As we noted, the SEC and CFTC held a joint roundtable on August 20, 2010 addressing governance and conflicts of interest on clearing and listing of swap transactions. Gary Gensler, Chairman of the CFTC issued a statement which stated “Today’s public roundtable will help us as we move forward to write rules on the important matters of governance of clearinghouses and trading facilities and how to best protect their decision making from conflicts of interest. I thank the CFTC and SEC staffs who worked cooperatively and constructively to plan and execute today’s roundtable. We will continue to collaborate closely with the SEC and other Federal regulators as we draft rules to implement the Dodd-Frank Wall Street Reform and Consumer Protection Act. We look forward to hosting several more roundtables along with the SEC on other important matters related to the Act.”

Beyond that statement, there appears to have been little agreement in this highly contentious rule making effort resulting from the Dodd-Frank Act. The Wall Street Journal (subscription required) noted that it was standing room only at the meeting.

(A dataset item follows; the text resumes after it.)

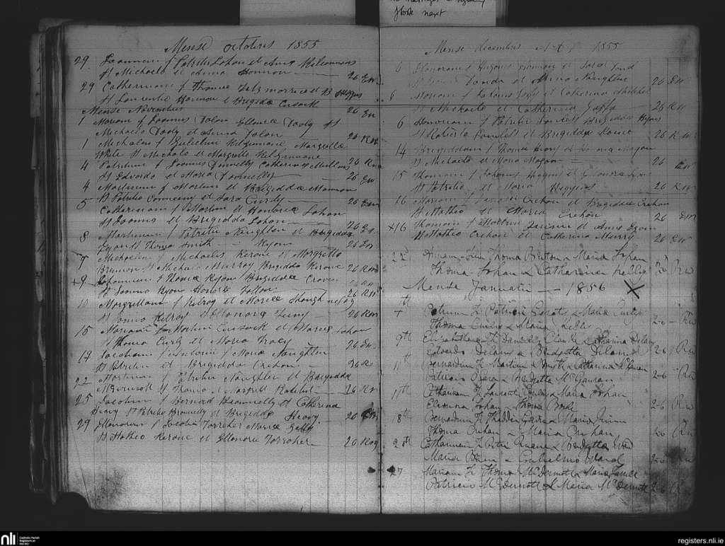 Killian; County of Galway; Diocese of Elphin. Baptisms, Oct. 1855 to Jan. 1856

Parts of the debate appeared to center on ownership of any clearing and trading facilities required by the Dodd-Frank Act. According to press reports, Swaps and Derivatives Market Association Vice Chairman Jason Kastner told regulators at a public meeting “If we put stuff into a clearinghouse and the clearinghouse has the same five guys in the room and the biggest three of them start to wobble, it’s going to be back to Congress with a one-pager asking for $750 billion.”

Others suggested diversified ownership of clearing and trading facilities would not serve the goals of the Dodd-Frank Act. A representative of a large financial institution stated “They have to be able to trade very large amount of highly complex illiquid OTC derivatives, and if they can’t do that, by introducing them as a member into the clearinghouse you actually increase risk in the clearinghouse.”